Can Tissue-Paper Thin Christmas Movies Echo Advent?

Dec 19, 2022

I have a confession. With apologies to readers who will not be thrilled to know this, I am not a lover of H***mark Christmas movies. I’m not a hater, either. It’s just I’m too well acquainted with the realities of small-town pettiness, single parenting & blended family struggles, and small business hardships to be able to set all that experience aside. Let’s be honest.

In the movies, small towns are adorable, big cities synonymous with evil; kids are perfect, current boyfriend/fiance is always a selfish jerk; mom & pop shops still operating 1950’s-style have hearts bigger than Wyoming, CEO’s might as well dress in a Grinch suit.

And of course, Ms. Gorgeous Blonde Fashionista has no problem shaking off the lifestyle, job, and friends she’s worked years to acquire because two weeks (or less) helping Mr. Handsome Flannel Shirt save the local children’s art-dance-music-gardening center from a huge corporation’s plan to demolish it. Seems they’ve decided this is the prime national location for a pickle processing plant. Apparently with no thought to a non-existent labor force or nearby transportation system. See…I told you I have a hard time setting reality aside.

But isn’t that what Christmas is all about? 


About setting the “reality” of our experience aside to step into a bigger reality.


About humbling acknowledging there’s a real-ness, despite what we may feel, that gives our day-to-dayness a bigger significance than we can yet see. Or imagine.


That there is a “happy ever-after.”


It doesn’t come wrapped in relationships – not matter how sparkly and twinkle-eyed they make us. It’s not delivered in promotions or paychecks or property acquisition. It doesn’t arrive in achievements, awards, or accolades.

It’s a belief.
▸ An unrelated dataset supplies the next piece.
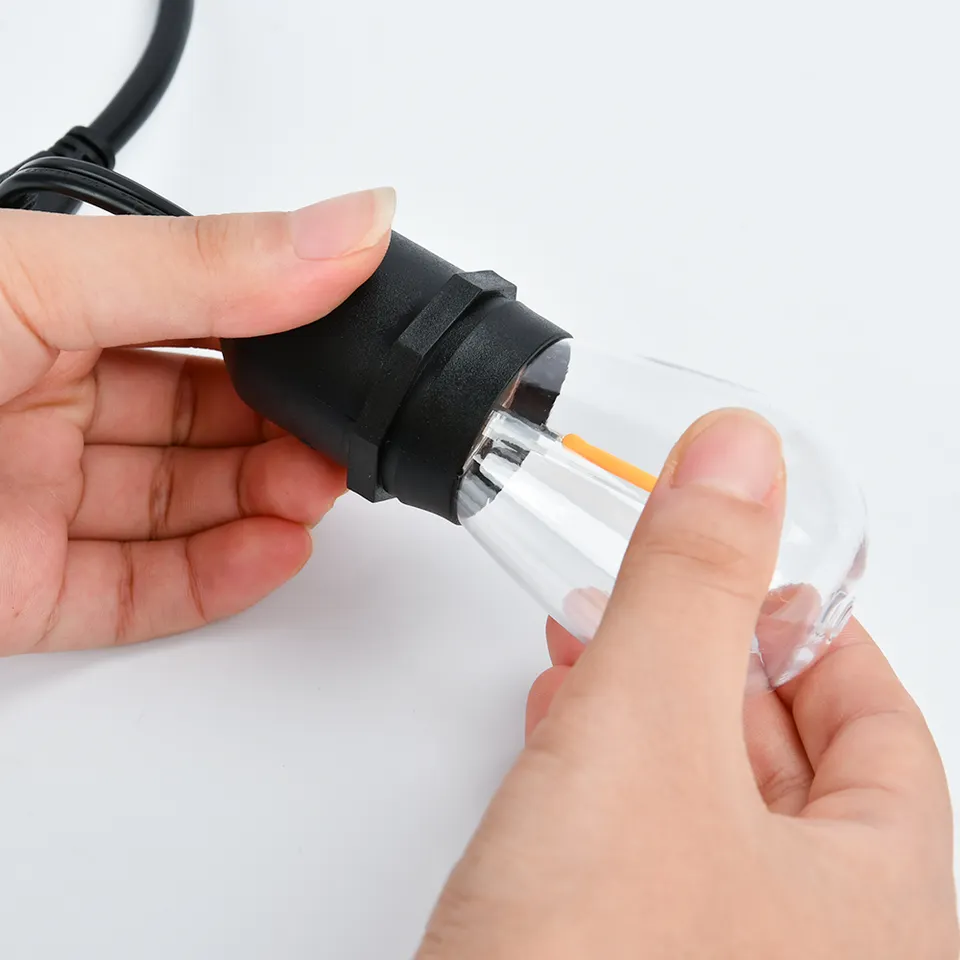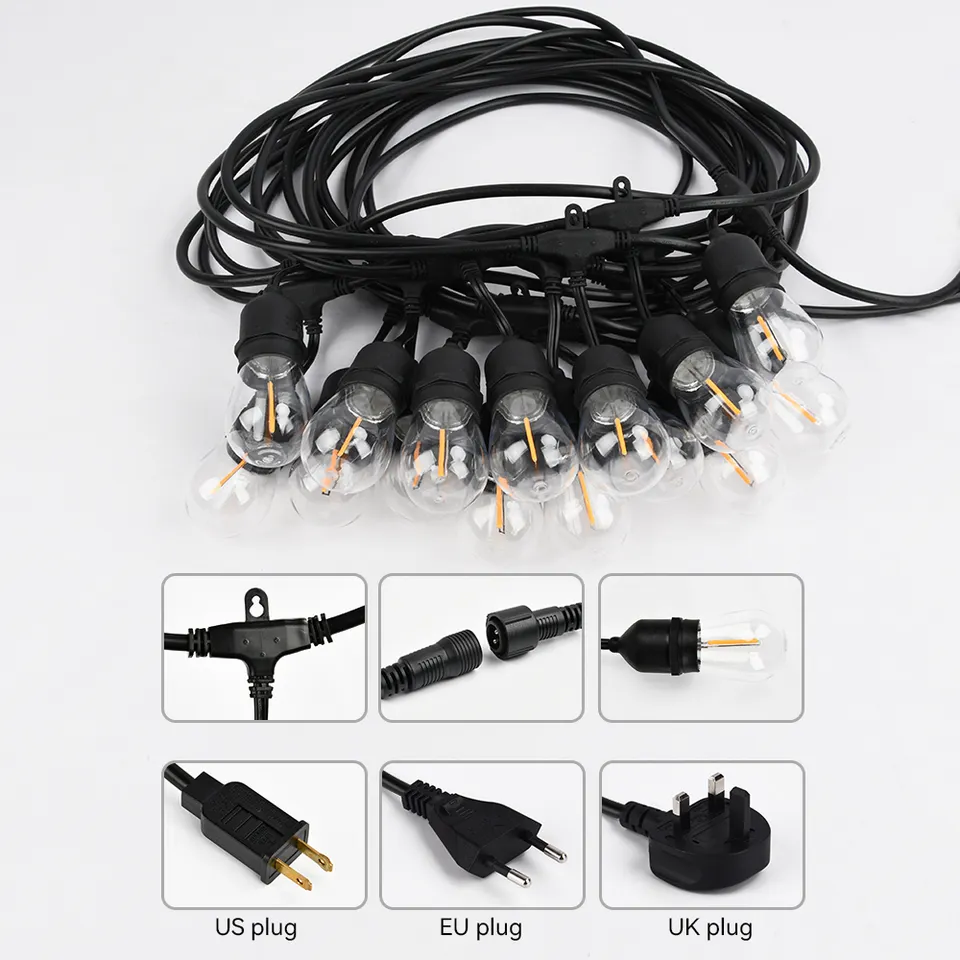 This shatterproof outdoor light string is suitable for decorative lighting such as wedding arches, banquet awnings, dining and bar terraces, patio barbecue areas, and balcony fences. The warm white light and dimmable function allow for flexible brightness adjustments to suit the event, creating a friendly, cozy, or lively atmosphere. The 48-foot length and daisy-chainable design allow for straight, herringbone, zigzag, and grid layouts to cover long corridors, garden paths, and large courtyards. IP65 and a wide operating temperature range enhance stability in rainy seasons, high summer temperatures, and low winter temperatures, making it suitable for everyday home decoration and holiday decorations such as Christmas, as well as light commercial applications such as cafes, B&Bs, and market stalls.

The kind of radical belief which has us walking away from pursuing gold – which is only heaven’s pavement material, after all. The outrageous notion which empowers us to choose grace – which sounds like a splendid symphony in theory but a cow giving birth in application. The ridiculous assertion that our choices here on a tiny speck in the universe – where life is measured in hours and limited to less decades than we have fingers -- have eternal consequences unbounded by time or space.

I guess it's not so unlike Ms. About-to-be-Made-Firm-Partner’s hunch that position isn't going to fulfill her.

"Happy ever after" isn't a popular theme because women have an insatiable appetite for trim & toned dudes wearing plaid lumberjack shirts. It's not because they're begging their real-life husbands who are doctors, attorneys, bankers, and C-suite executives to move back home to tiny-town USA and take over the four-generation-family Christmas tree farm. It's deeper than that, realized or not.


We're wired for "happy ever after." Not because of magic kingdoms or card/movie companies' savvy marketing. 


The shows speak a language our heart knows, even when our mind has forgotten it. It whispers, "All will be well." Softly enough not to scare us; loudly enough to captivate us.

And it will. Some day. He promises. Not the guy driving the basic-model pick-up truck but the One who slept in a modest manager. 

Until then, there will always be questions. Hard, gut-wrenching questions. Like, "God, you warned the wise men in a dream to not go back to Herod after finding Jesus. Why didn't you tell them not to go and see him in the first place? Did you hear the sound of the innocent slaughter of children and parents who grieved for the remainder of their lives that resulted from Herold's jealousy?"

I don't grasp ahold of the belief that this world's Savior lay in a Bethlehem manager, born of a virgin, because I have the answer to that question. 

I cling because I believe -- in spite of unanswered questions. 

I cling because I believe -- in spite of an inability to prove it -- the only Hope of the world has come. And his name is Emmanuel -- God With Us. 

I cling because I believe -- in spite of all the evidence my five senses weigh -- there is a "Happy Ever After" -- and he will show up and sweep us into his arms and say, "Welcome Home. You're the one I've been waiting for."

Until then, maybe I need to rethink my approach to Christmas movies with plots thin as tissue paper but packed full with an echo of Bethlehem's skies: Someone out of this world has come -- and will come again.